Fig 3. Relation between two polymorphic functions. The pair (g a, g' a') falls inside the relation ΦA.

In other words, polymorphic functions are related if they map related types to related values. Notice that in the interesting examples these values are themselves functions.

With these definitions, we can now reinterpret any type signature as a relation between values.

The Parametricity Theorem

Reynolds’ second key insight was that any term is in a relation with itself — the relation being induced by the term’s type. We have indeed defined the mapping of types to relations to make this work. Primitive types turn into identity relations, so obviously a primitive value is in relation with itself. A function between primitive types is in relation with itself because it maps related (equal) arguments into related (equal) results. A list or a pair of primitive types is in relation with itself because each element of it is equal to itself. You can recurse and consider a list of functions, or a pair of lists, etc., building the proof inductively, proceeding from simpler types to more and more complex types. The proof goes over all possible term construction rules and typing rules in a given theory.

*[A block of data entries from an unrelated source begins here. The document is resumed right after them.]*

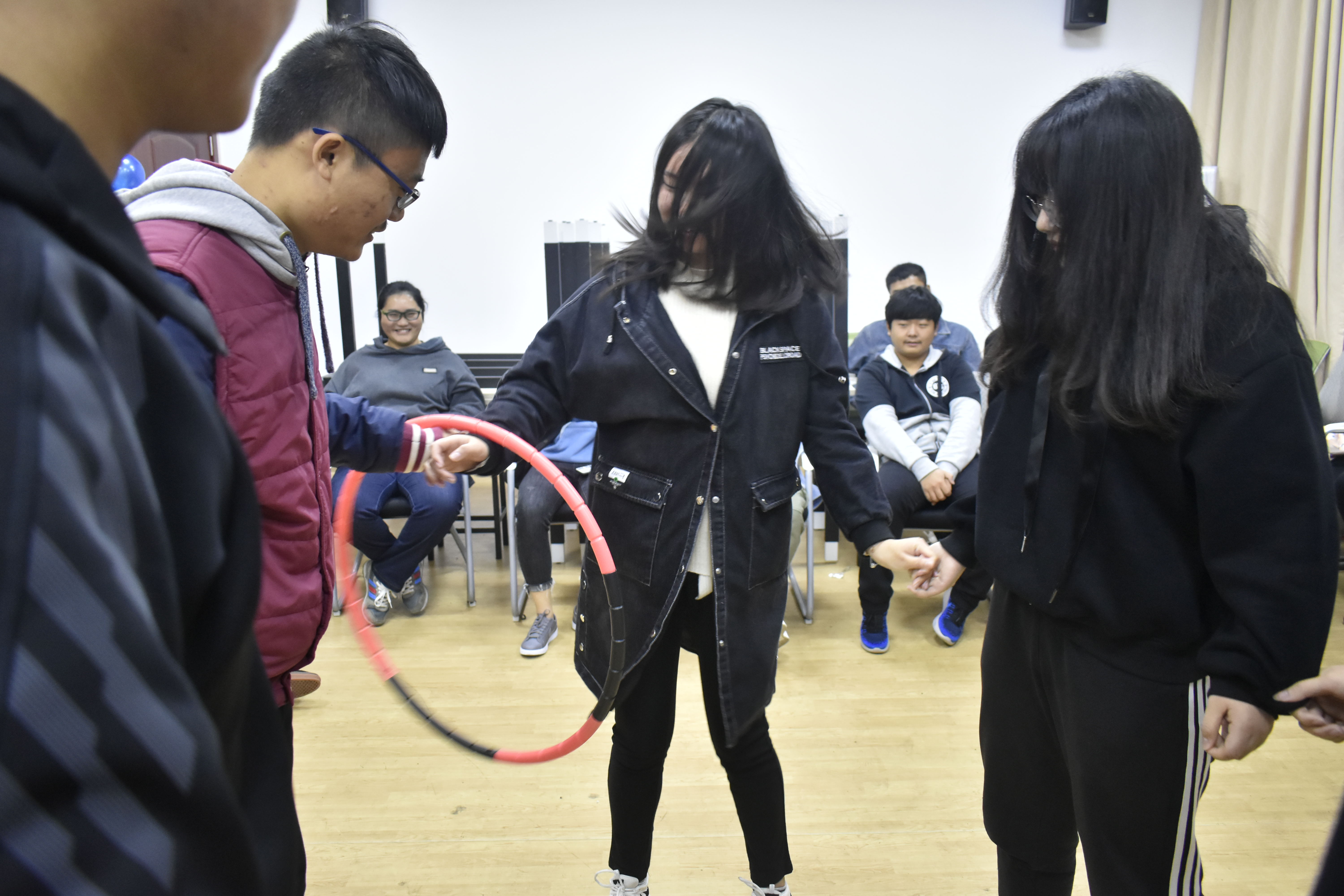 活动中,“人体呼啦圈”、“合力吹气球”、“解开千千结”、“人椅”、“拍七令”等游戏,让同学们轻松欢快的氛围中打开了心灵的枷锁,每位同学都全身心的投入游戏之中,并通过肢体接触与语言交流的方式,和团队成员之间形成了团队合作意识。在学会了互相信任、互帮互相、团结一致的同时培养了自信心,散发出青春的光芒。
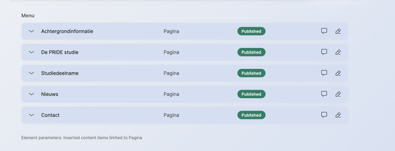- Voeg hier bestaande pagina toe of maak nieuwe pagina's aan. De volgorde in deze lijst, bepaalt de volgorde waarop ze in de site getoond worden.
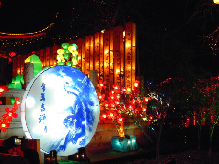 Выставка фонарей . Традиция выставлять фонарики восходит к династии Суй в шестом веке. При династии Тан представления стали грандиознее, комендантский час был отменен, что позволило людям наслаждаться фонарями днем и ночью. Сегодня в городах по всему Китаю проводятся грандиозные ярмарки фонарей, ярким примером которых является Парк культуры Чэнду. Современные фонари включают электрические и неоновые конструкции, а также традиционные бумажные или деревянные фонари, подчеркивая сочетание исторических и современных элементов фестиваля.
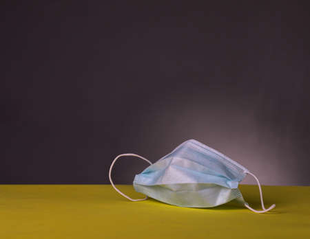 Medical protective masks on yellow and gray background. Disposable surgical face mask cover the mouth and nose. Healthcare and medical concept.
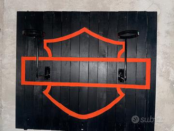 Vendo porta casco fatto artigianalmente con logo Harley Davidson intagliato bello veramente io lo tenevo in casa. Ritiro a mano no spedizione
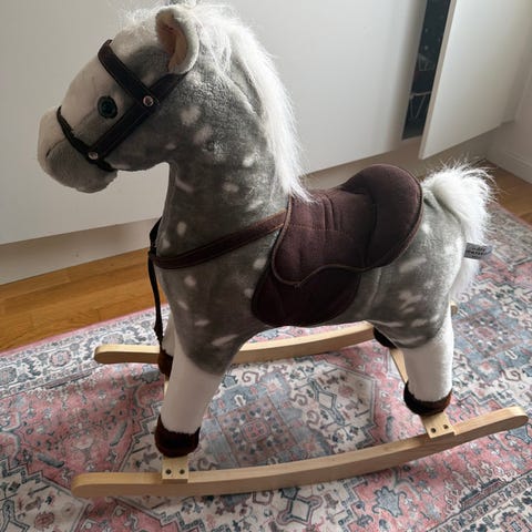 Leksakshäst i fint skick, fungerar bra för Barbie och liknande dockor. Hästen har rörliga ben, brun sadel och rosa träns samt töm. Perfekt för lek där dockorna kan rida eller sköta stallet. Inga skador och allt fungerar som det ska.
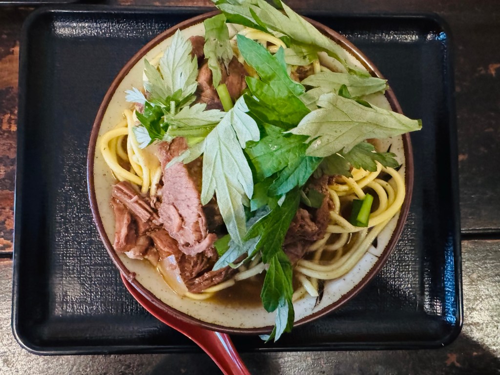不同於沖繩常見的豬肉沖繩麵,這裡使用大量燉煮的牛肉,湯頭清爽卻充滿牛肉香氣,是許多在地人從小吃到大的味道。

Formally, this kind of proof is called “structural induction,” because you’re showing that more complex structures will satisfy the theorem as long as the simpler ones, from which they are constructed, do. The only tricky part is dealing with polymorphic functions, because they are quantified over all types (including polymorphic types). In fact, this is the reason why the naive interpretation of types as sets breaks down (see, however, Pitts’ paper). It is possible, however, to prove the parametricity theorem in a more general setting, for instance, using frames, or in the framework of operational semantics, so we won’t worry about it here.

Wadler’s key insight was to interpret Reynolds’ theorem not only as a way of identifying different implementations of the same type — for instance, cartesian and polar representations of complex numbers — but also as a source of free theorems for polymorphic types.

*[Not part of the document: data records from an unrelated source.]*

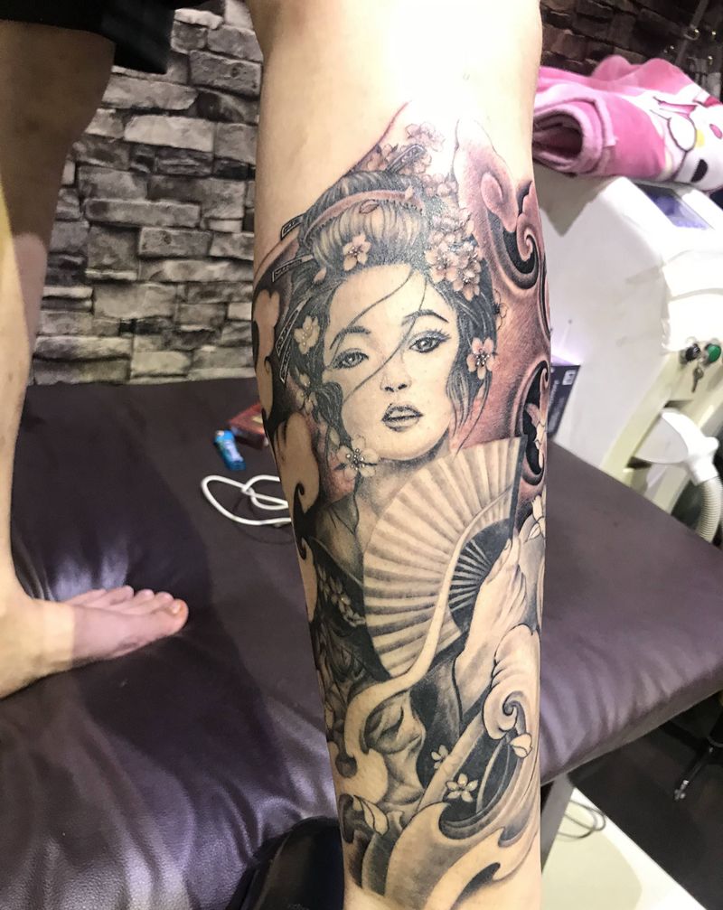 艺妓纹身图片_腿部纹身图案
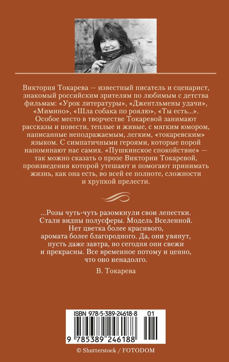 Виктория Токарева — известный писатель и сценарист, знакомый российским зрителям по любимым с детства фильмам: «Урок литературы», «Джентльмены удачи», «Мимино», «Шла собака по роялю», «Ты есть...». Особое место в творчестве Токаревой занимают рассказы и повести, теплые и живые, с мягким юмором, написанные неподражаемым, легким, «токаревским» языком. С симпатичными героями, которые порой напоминают нас самих. «Пушкинское спокойствие» — так можно сказать о прозе Виктории Токаревой, произведения которой утешают и помогают принимать жизнь, как она есть, во всей ее полноте, сложности и хрупкой прелести. В издание вошли прозаические произведения Виктории Токаревой, включая повести «Тихая музыка за стеной», «Ангел-хранитель», рассказы «Ни с тобой, ни без тебя», «Хрустальный башмачок», «Брат и сестра», «Короткие гудки» и др.
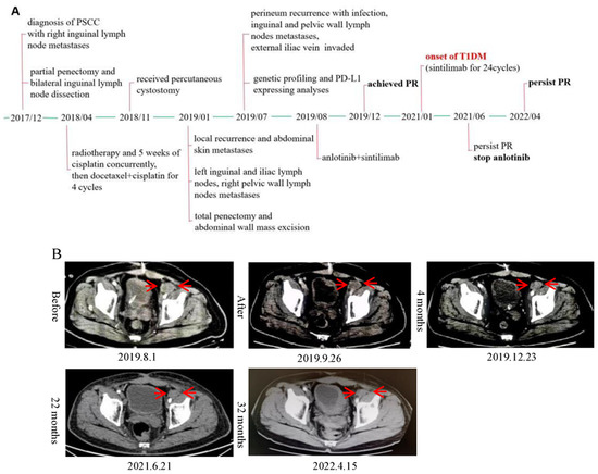 (A) Timeline of the patient’s therapy and the effects of therapy. Imaging showing metastasis of pelvic lymph nodes. (B) Contrast-enhanced abdominal computed tomography assessments of pelvic wall tumor nodule during each period. Red arrows indicate the tumors.
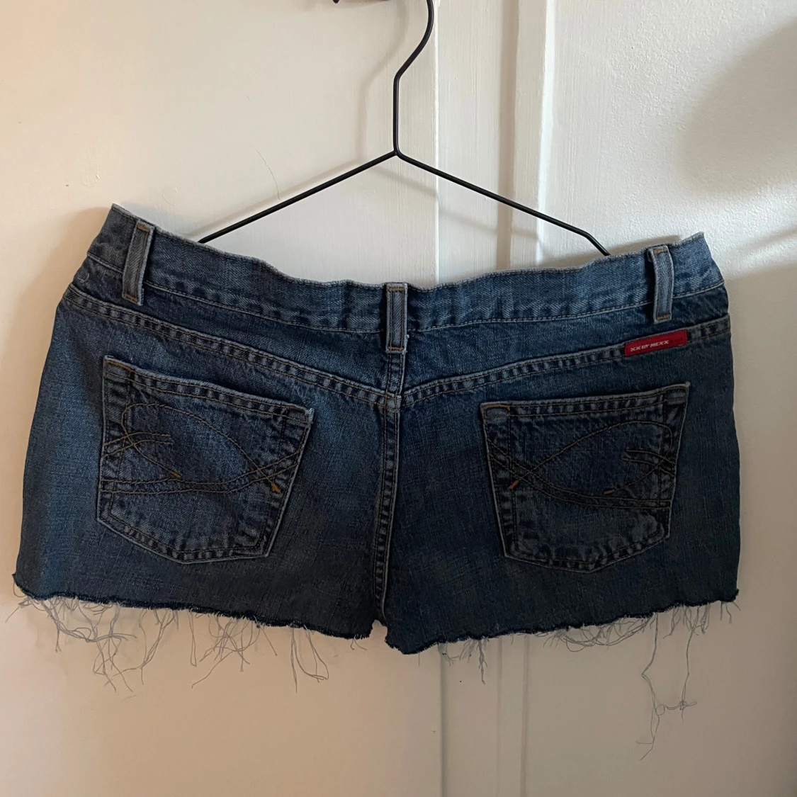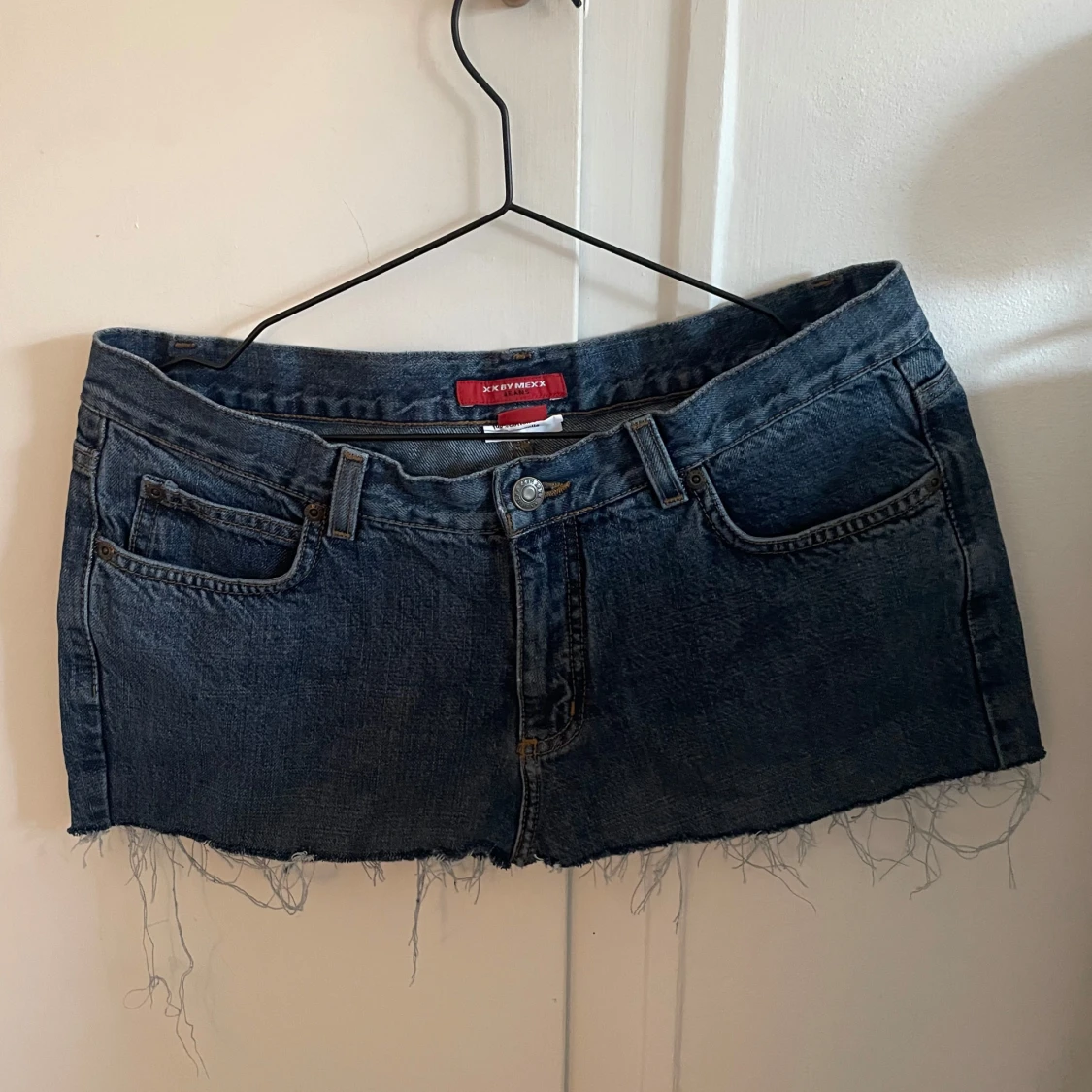 Snygg jeanskjol från Mexx i mörkblå denim med fransig nederkant. Midjemått tvärsöver: 38cm längd: 28cm

Let’s try applying parametricity theorem to some simple examples. Take a constant term: an integer like 5. Its type Int can be interpreted as a relation, which we defined to be the identity relation (it’s one of the primitive types). And indeed, 5 is in this relation with 5.

Take a function like:

ord :: Char -> Int

Its type defines a relation between functions: Two functions of the type Char->Int are related if they return equal integers for equal characters. Obviously, ord is in this relation with itself.

Parametricity in Action

Those were trivial examples. The interesting ones involve polymorphic functions. So let’s go back to our starting example. The term now is the polymorphic function r whose type is:

r :: forall a . [a] -> [a]

Parametricity tells us that r is in relation with itself. However, comparing a polymorphic function to itself involves comparing the instantiations of the same function at two arbitrary types, say a and a'. Let’s go through this example step by step.

We are free to pick an arbitrary relation A between elements of two arbitrary input sets a and a'. The type of r induces a mapping Φ on relations. As with every function on relations, we have to first identify the two type constructors φ and ψ, one mapping a and one mapping a'. In our case they are identical, because they are induced by the same polymorphic function. They are equal to:

Λ a. [a]->[a]

It’s a type constructor that maps an arbitrary type a to the function type [a]->[a].

The universal quantifier forall means that r lets us pick a particular value of the type [a]->[a] for each a. This value is a function that we call ra. We don’t care how this function is picked by r, as long as it’s picked uniformly, using a single formula for all a, so that our parametricity theorem holds.

FreeTheorem

Fig 4. Polymorphic function r maps related types to related values, which themselves are functions on lists

Parametricity means that, if a is related to a', then:

ra <=> ra'

This particular relation is induced by the function type [a]->[a]. By our definition, two functions are related if they map related arguments to related results. In this case both the arguments and the results are lists. So if we have two related lists, as and as':

as  :: [a]
as' :: [a']

they must, by parametricity, be mapped to two related lists, bs and bs':

bs  = ra  as
bs' = ra' as'

This must be true for any relation A, so let’s pick a functional relation generated by some function:

f :: a -> a'

This relation induces a relation on lists:

as' = map f as

The results of applying r, therefore, must be related through the same relation:

bs' = map f bs

Combining all these equalities, we get our expected result:

ra' (map f as) = map f (ra as)

Parametricity and Natural Transformations

The free theorem I used as the running example is interesting for another reason: The list constructor is a functor. You may think of functors as generalized containers for storing arbitrary types of values. You can imagine that they have shapes; and for two containers of the same shape you may establish a correspondence between “positions” at which the elements are stored. This is quite easy for traditional containers like lists or trees, and with a leap of faith it can be stretched to non-traditional “containers” like functions. We used the intuition of relations corresponding to the idea of “occupying the same position” within a data structure. This notion can be readily generalized to any polymorphic containers. Two trees, for instance, are related if they are both empty, or if they have the same shape and their corresponding elements are related.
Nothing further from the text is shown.